Over the course of a 25 -minute conversation, Ko returns to the word “confidence” 11 days. She compares it to “a 15 th club in the bag, ” arguing it’s “almost the most important.” As Ko puts it, “Week in week out, the amount of talent or skill doesn’t change that much, but confidence can be a huge momentum builder.” Imagine her relief at this April’s
Mediheal Championship, then, when the “best” three-wood she’s ever hit set Ko up for a first LPGA Tour victory in almost two years.
When I was out there playing my best, I was out there not worrying about where the balls were going to go, or if I was going to hole certain putts.
It was there, on the shore of California’s Lake Merced, that Ko had won her first tournament as a pro, removing the 2014 LPGA Swinging Skirts trophy while celebrating her 17 th birthday. Returning to the scene a few days after her 21 st birthday, the circumstances could hardly have been more different. Where four years ago there seemed to be no limited access to her potential, this time victory aimed a wait of 43 starts without a win. Where before she was the golden girl of golf, this time her ranking had slid to No. 18 and the decisive putt was greeted by tears of relief.

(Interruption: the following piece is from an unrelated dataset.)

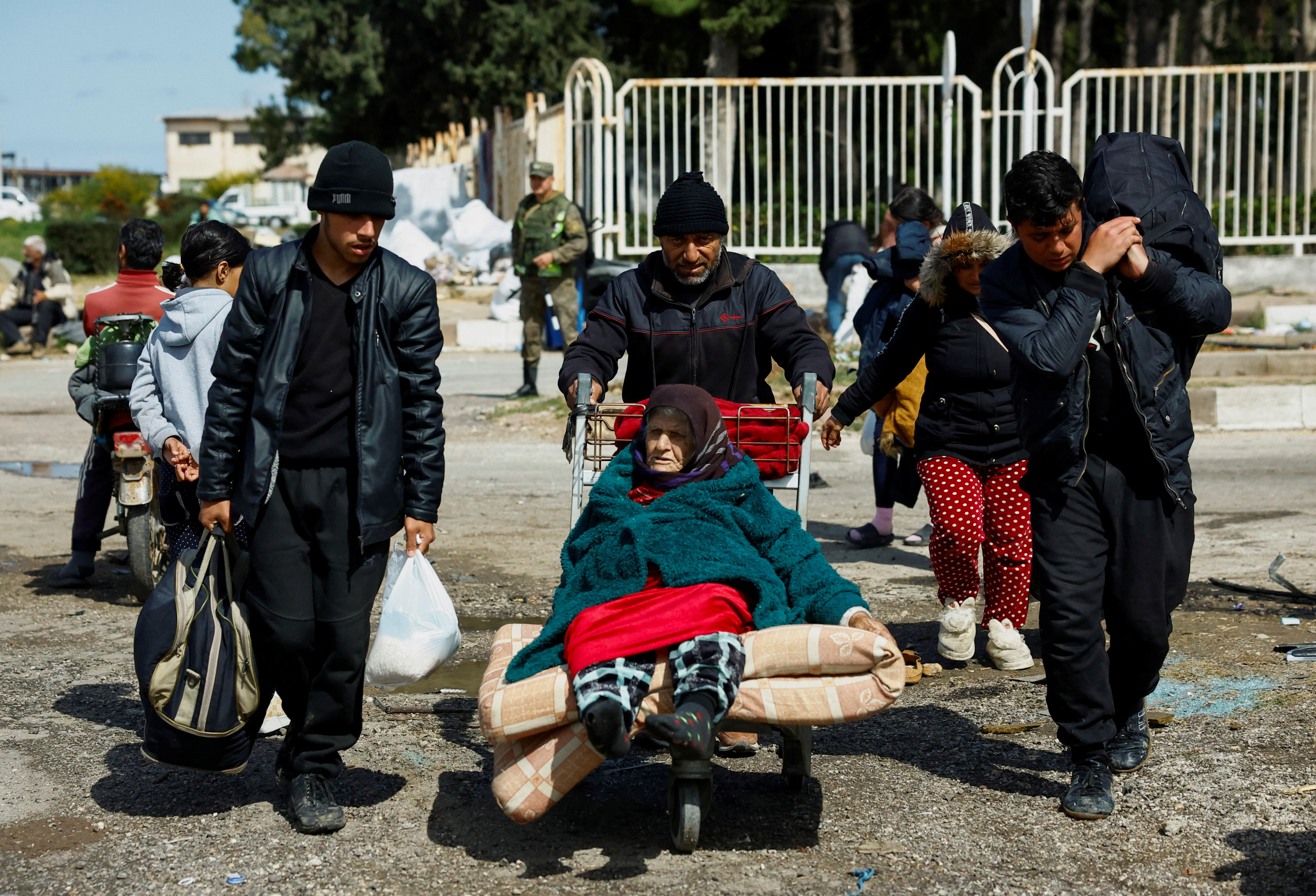 2025年3月20日,敍利亞西部拉塔基亞省赫梅米姆空軍基地,一名男子用機場行李推車推着一位老婦人。此前親政府武裝對其村莊發動致命襲擊後,數千名阿拉維派家庭逃往該地避難。路透社調查發現,這場暴力事件造成近1500人死亡……購買授權許可,打開新標籤頁閲讀更多敍利亞拉塔基亞,6月30日 - 路透社調查還原了3月7日至9日敍利亞地中海沿岸阿拉維派大屠殺的經過,確認襲擊者的指揮鏈直接延伸至與大馬士革新領導人共事的官員。調查發現,針對這一長期與阿薩德政府關聯的宗教少數派,在40個不同地點發生的報復性殺戮、暴行和劫掠中,共有1479名敍利亞阿拉維派遇害,數十人失蹤。

“I’ve never been that emotional before, ” she told CNN Sport the following day. “When that putt fell I was like, ‘Oh my God.’ A lot of feelings, my whole squad and my family have worked really hard for this moment.”
Family
Her family have been described as suffocating influences, with Leadbetter
telling ESPN that Ko’s mothers “feel like they know her best, know her moods” and
Golf Digest that “they tell her when to bed, what to eat, what to wear, when to practice and what to practice.”